- Drugs List
- Therapeutic Indications
- Precautions and Warnings
- Pregnancy and Lactation
- Side Effects
Tablets containing quinagolide
Optimal dose should be titrated individually based on the prolactin-lowering effect and the patient's tolerance of therapy.
Administer at bedtime to avoid problems of orthostatic hypotension.
Initially treatment begins with the "starter pack" of 25 micrograms daily for 3 days, followed by 50 micrograms daily for 3 days. From day 7, the recommended dose is 75 micrograms daily.
If necessary, increase the dose gradually to the optimal dose in each case, which is usually in the range 75 to 150 micrograms daily.
If doses above 300 micrograms are required, increase by increments of 75 to 150 micrograms at intervals of at least 4 weeks until either a satisfactory therapeutic response is achieved, or reduced tolerability requiring the discontinuation of treatment occurs.
Patients with Renal Impairment
The manufacturer does not recommend use in patients with renal impairment due to lack of data, however, the Renal Drug Handbook recommends the following:
Renal impairment GFR less than 50 ml/minute
Start with low dose and titrate according to response.

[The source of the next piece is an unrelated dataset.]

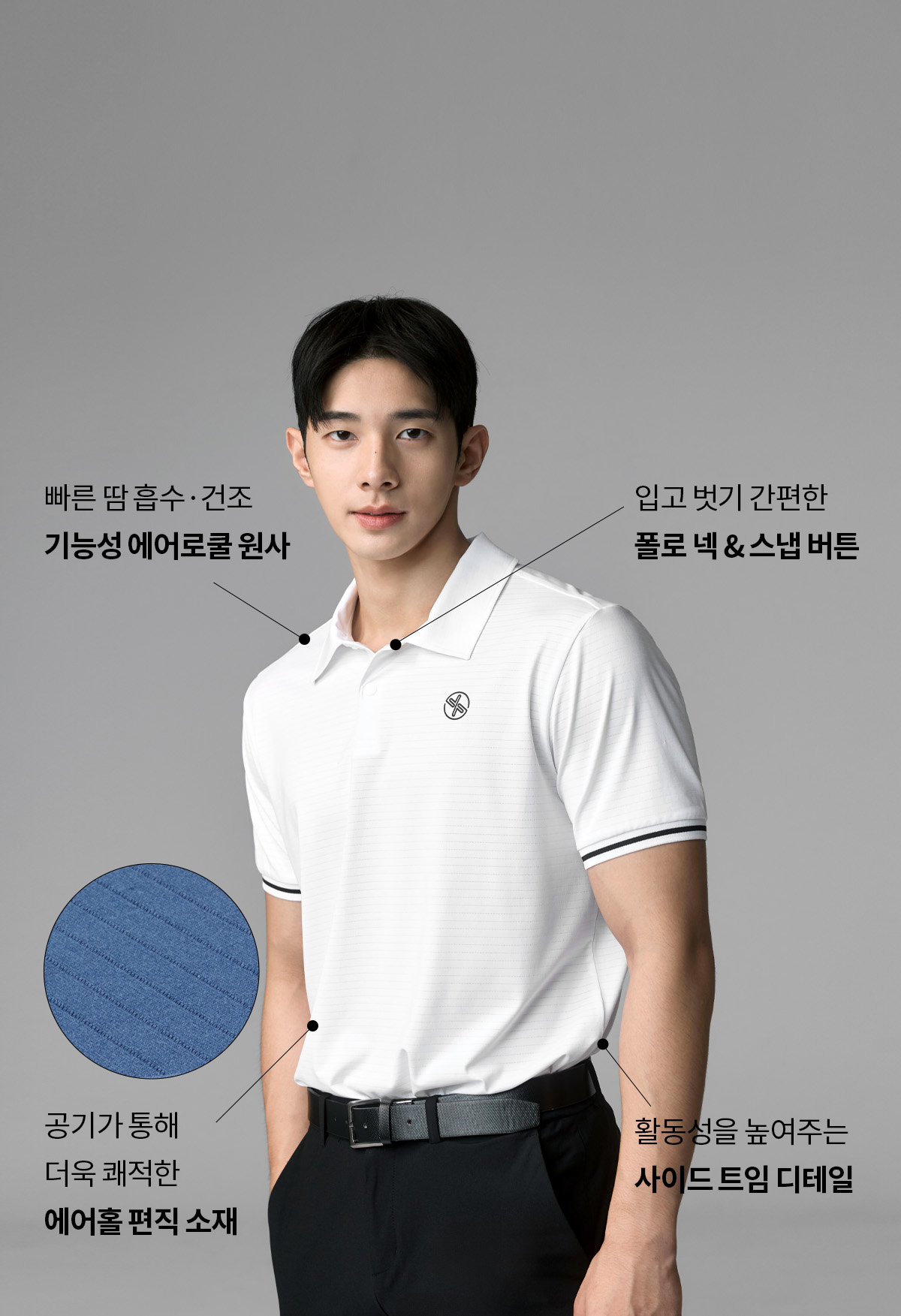 이제까지 경험해 보지 못한, 에어홀 라인 폴로 숏슬리브 ![]() 편안한 레귤러 핏과 깔끔한 디자인 ![]() 땀 흐를 새 없이 빠르게 말려주니까, ![]() 바람 솔솔 통하는 에어홀 소재로 CHECK POINT

To be taken orally with some food at bedtime.
Children under 18 years
Precautions and Warnings
Glucose-galactose malabsorption syndrome
History of psychosis
Advise hypotension may initially affect ability to drive/operate machinery
Advise patient somnolence may affect ability to drive or operate machinery
Monitor blood pressure during titration and early maintenance treatment
Monitor patients for impulse control disorders
Review treatment if impulse control disorders symptoms occur
Discontinue if psychiatric disturbances develop
Dopamine agonists have been associated with pathological gambling
Pregnancy confirmed: Discontinue this medication
Female: Barrier or non-hormonal contraception required during treatment
Advise patient/carer about symptoms of impulse control disorders
Postural hypotension may result in syncope. Monitor blood pressure, both lying and standing, during titration and early maintenance treatment.
Pregnancy and Lactation
Quinagolide is contraindicated in pregnancy.

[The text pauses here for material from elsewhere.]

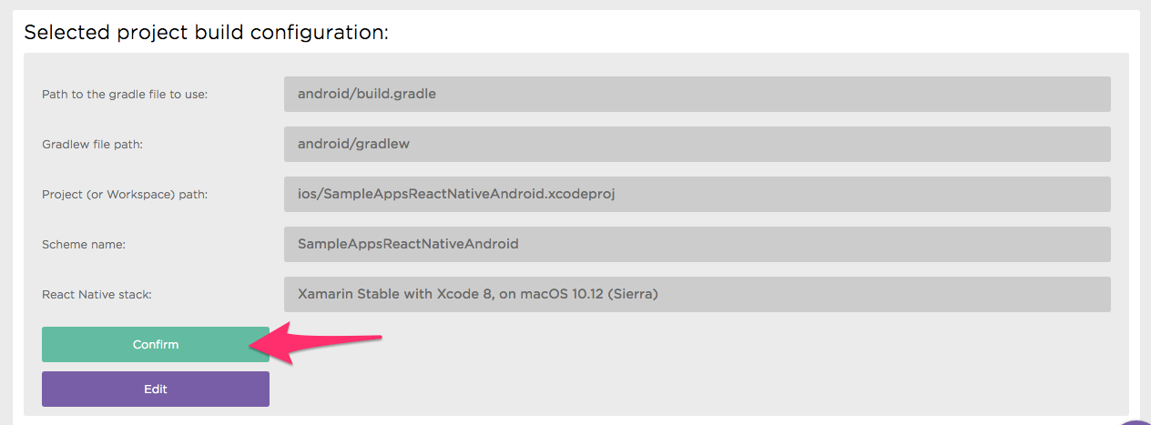 - Project build configuration: our scanner will most likely have chosen React Native for your app. Yay! :) Select Scheme name!
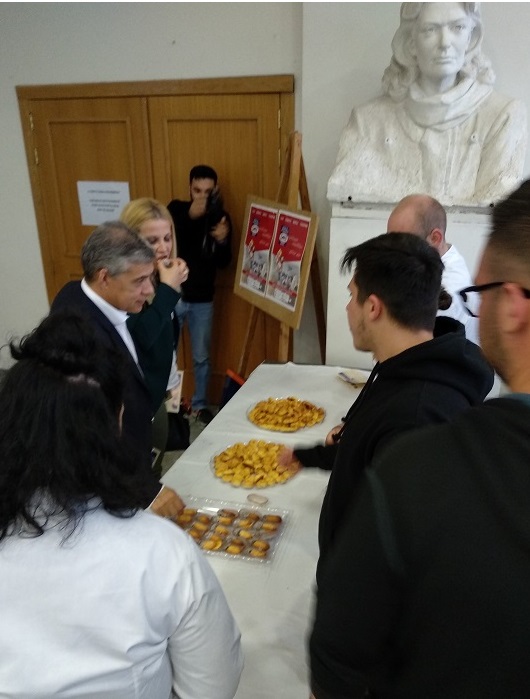 Μεταξύ των τυχερών που γεύτηκαν τις παρασκευές, ο περιφερειάρχης κος Αγοραστός και η αντιπεριφερειάρχης κα Κολυνδρινη που δεν παρέλειψαν να δώσουν τα συγχαρητήρια τους για την επιτυχημένη «γλυκιά» παρουσία των σπουδαστών.

Data from animal studies does not indicate any teratogenic or embryotoxic potential, however experience with pregnant women is limited. Patients wishing to conceive should discontinue treatment once pregnancy is confirmed, unless there is a medical reason for continuing treatment. No increased incidence of abortion has been observed when treatment is discontinued at this point.
If pregnancy occurs in the presence of a pituitary adenoma and treatment has been stopped, close supervision is required throughout pregnancy.
There are limited cases of quinagolide used throughout pregnancy, however, no abnormal outcomes have been noted (Schaefer, 2007).
The use of all medication in pregnancy should be avoided whenever possible; particularly in the first trimester. Non-drug treatments should also be considered. When essential, a medication with the best safety record over time should be chosen, employing the lowest effective dose for the shortest possible time. Polypharmacy should be avoided. Teratogens taken in the pre-embryonic period, often quoted as lasting until 14 to 17 days post-conception, are believed to have an all-or-nothing effect. Where drugs have a short half-life, and when the date of conception is certain, this may allow women to be reassured where drug exposure has occurred within this time frame. Further advice may be available from the UK National Teratology Information Service (NTIS) and through ToxBase, available via password on the internet ( www.toxbase.org ) or if this is unavailable at the backup site ( www.toxbasebackup.org ).
Quinagolide is contraindicated in breastfeeding.
Breastfeeding is not usually possible during treatment with quinagolide, however if lactation should continue, breastfeeding is not recommended. It is not known whether quinagolide is secreted in human breast milk.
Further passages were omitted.